EXERCISE BRIEF:
Could you write out the data that follows, exactly and in full?

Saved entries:
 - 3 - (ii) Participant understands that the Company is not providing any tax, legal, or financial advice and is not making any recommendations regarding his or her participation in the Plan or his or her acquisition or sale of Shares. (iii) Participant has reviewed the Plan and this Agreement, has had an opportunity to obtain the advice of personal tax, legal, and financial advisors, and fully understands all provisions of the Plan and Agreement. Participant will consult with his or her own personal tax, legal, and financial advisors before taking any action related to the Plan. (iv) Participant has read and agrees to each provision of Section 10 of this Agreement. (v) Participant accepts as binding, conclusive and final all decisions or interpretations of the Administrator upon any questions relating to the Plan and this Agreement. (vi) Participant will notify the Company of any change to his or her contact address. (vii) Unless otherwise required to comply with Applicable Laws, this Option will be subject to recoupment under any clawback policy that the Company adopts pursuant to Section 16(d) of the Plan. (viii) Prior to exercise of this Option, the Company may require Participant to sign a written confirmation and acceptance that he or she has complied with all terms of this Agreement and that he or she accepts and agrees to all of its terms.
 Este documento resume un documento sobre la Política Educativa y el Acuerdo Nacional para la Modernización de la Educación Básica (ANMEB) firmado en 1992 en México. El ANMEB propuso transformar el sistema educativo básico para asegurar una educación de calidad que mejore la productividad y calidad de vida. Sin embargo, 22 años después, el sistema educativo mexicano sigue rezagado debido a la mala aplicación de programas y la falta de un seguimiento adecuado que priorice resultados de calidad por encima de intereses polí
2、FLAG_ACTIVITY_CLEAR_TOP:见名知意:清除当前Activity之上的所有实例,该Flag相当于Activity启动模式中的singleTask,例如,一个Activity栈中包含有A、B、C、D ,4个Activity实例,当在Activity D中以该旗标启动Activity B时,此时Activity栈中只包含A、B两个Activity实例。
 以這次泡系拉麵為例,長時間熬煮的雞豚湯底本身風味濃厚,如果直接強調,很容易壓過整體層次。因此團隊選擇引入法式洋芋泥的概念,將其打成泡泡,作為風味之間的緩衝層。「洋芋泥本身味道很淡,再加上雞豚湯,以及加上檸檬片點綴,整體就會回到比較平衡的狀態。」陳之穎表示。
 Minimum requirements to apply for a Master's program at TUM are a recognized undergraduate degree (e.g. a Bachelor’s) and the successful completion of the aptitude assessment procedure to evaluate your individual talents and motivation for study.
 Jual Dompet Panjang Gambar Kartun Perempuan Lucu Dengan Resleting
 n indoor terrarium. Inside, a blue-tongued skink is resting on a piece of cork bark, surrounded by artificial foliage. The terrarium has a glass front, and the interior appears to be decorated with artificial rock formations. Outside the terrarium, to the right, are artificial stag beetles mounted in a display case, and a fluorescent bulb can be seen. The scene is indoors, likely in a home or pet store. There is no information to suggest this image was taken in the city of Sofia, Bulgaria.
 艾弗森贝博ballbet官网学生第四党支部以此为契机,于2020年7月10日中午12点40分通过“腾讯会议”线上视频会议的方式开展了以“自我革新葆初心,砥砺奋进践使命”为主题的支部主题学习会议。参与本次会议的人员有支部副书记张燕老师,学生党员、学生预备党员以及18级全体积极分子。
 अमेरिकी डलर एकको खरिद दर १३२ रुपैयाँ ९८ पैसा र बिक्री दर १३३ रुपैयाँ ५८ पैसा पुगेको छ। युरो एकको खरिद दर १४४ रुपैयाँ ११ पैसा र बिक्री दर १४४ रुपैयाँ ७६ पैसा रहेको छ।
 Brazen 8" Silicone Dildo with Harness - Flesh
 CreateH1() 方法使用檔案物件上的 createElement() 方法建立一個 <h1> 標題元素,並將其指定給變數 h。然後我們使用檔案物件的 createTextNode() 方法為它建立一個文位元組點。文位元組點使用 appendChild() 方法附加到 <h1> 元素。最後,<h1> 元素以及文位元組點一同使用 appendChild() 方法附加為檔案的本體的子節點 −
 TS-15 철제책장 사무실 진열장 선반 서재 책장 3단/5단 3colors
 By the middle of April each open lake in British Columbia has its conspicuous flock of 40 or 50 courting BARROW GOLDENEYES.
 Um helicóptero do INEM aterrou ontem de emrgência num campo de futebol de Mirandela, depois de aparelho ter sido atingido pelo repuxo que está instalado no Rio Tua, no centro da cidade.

SOLUTION TO THIS TASK:
 - 3 - (ii) Participant understands that the Company is not providing any tax, legal, or financial advice and is not making any recommendations regarding his or her participation in the Plan or his or her acquisition or sale of Shares. (iii) Participant has reviewed the Plan and this Agreement, has had an opportunity to obtain the advice of personal tax, legal, and financial advisors, and fully understands all provisions of the Plan and Agreement. Participant will consult with his or her own personal tax, legal, and financial advisors before taking any action related to the Plan. (iv) Participant has read and agrees to each provision of Section 10 of this Agreement. (v) Participant accepts as binding, conclusive and final all decisions or interpretations of the Administrator upon any questions relating to the Plan and this Agreement. (vi) Participant will notify the Company of any change to his or her contact address. (vii) Unless otherwise required to comply with Applicable Laws, this Option will be subject to recoupment under any clawback policy that the Company adopts pursuant to Section 16(d) of the Plan. (viii) Prior to exercise of this Option, the Company may require Participant to sign a written confirmation and acceptance that he or she has complied with all terms of this Agreement and that he or she accepts and agrees to all of its terms.
 Este documento resume un documento sobre la Política Educativa y el Acuerdo Nacional para la Modernización de la Educación Básica (ANMEB) firmado en 1992 en México. El ANMEB propuso transformar el sistema educativo básico para asegurar una educación de calidad que mejore la productividad y calidad de vida. Sin embargo, 22 años después, el sistema educativo mexicano sigue rezagado debido a la mala aplicación de programas y la falta de un seguimiento adecuado que priorice resultados de calidad por encima de intereses polí
2、FLAG_ACTIVITY_CLEAR_TOP:见名知意:清除当前Activity之上的所有实例,该Flag相当于Activity启动模式中的singleTask,例如,一个Activity栈中包含有A、B、C、D ,4个Activity实例,当在Activity D中以该旗标启动Activity B时,此时Activity栈中只包含A、B两个Activity实例。
 以這次泡系拉麵為例,長時間熬煮的雞豚湯底本身風味濃厚,如果直接強調,很容易壓過整體層次。因此團隊選擇引入法式洋芋泥的概念,將其打成泡泡,作為風味之間的緩衝層。「洋芋泥本身味道很淡,再加上雞豚湯,以及加上檸檬片點綴,整體就會回到比較平衡的狀態。」陳之穎表示。
 Minimum requirements to apply for a Master's program at TUM are a recognized undergraduate degree (e.g. a Bachelor’s) and the successful completion of the aptitude assessment procedure to evaluate your individual talents and motivation for study.
 Jual Dompet Panjang Gambar Kartun Perempuan Lucu Dengan Resleting
 n indoor terrarium. Inside, a blue-tongued skink is resting on a piece of cork bark, surrounded by artificial foliage. The terrarium has a glass front, and the interior appears to be decorated with artificial rock formations. Outside the terrarium, to the right, are artificial stag beetles mounted in a display case, and a fluorescent bulb can be seen. The scene is indoors, likely in a home or pet store. There is no information to suggest this image was taken in the city of Sofia, Bulgaria.
 艾弗森贝博ballbet官网学生第四党支部以此为契机,于2020年7月10日中午12点40分通过“腾讯会议”线上视频会议的方式开展了以“自我革新葆初心,砥砺奋进践使命”为主题的支部主题学习会议。参与本次会议的人员有支部副书记张燕老师,学生党员、学生预备党员以及18级全体积极分子。
 अमेरिकी डलर एकको खरिद दर १३२ रुपैयाँ ९८ पैसा र बिक्री दर १३३ रुपैयाँ ५८ पैसा पुगेको छ। युरो एकको खरिद दर १४४ रुपैयाँ ११ पैसा र बिक्री दर १४४ रुपैयाँ ७६ पैसा रहेको छ।
 Brazen 8" Silicone Dildo with Harness - Flesh
 CreateH1() 方法使用檔案物件上的 createElement() 方法建立一個 <h1> 標題元素,並將其指定給變數 h。然後我們使用檔案物件的 createTextNode() 方法為它建立一個文位元組點。文位元組點使用 appendChild() 方法附加到 <h1> 元素。最後,<h1> 元素以及文位元組點一同使用 appendChild() 方法附加為檔案的本體的子節點 −
 TS-15 철제책장 사무실 진열장 선반 서재 책장 3단/5단 3colors
 By the middle of April each open lake in British Columbia has its conspicuous flock of 40 or 50 courting BARROW GOLDENEYES.
 Um helicóptero do INEM aterrou ontem de emrgência num campo de futebol de Mirandela, depois de aparelho ter sido atingido pelo repuxo que está instalado no Rio Tua, no centro da cidade.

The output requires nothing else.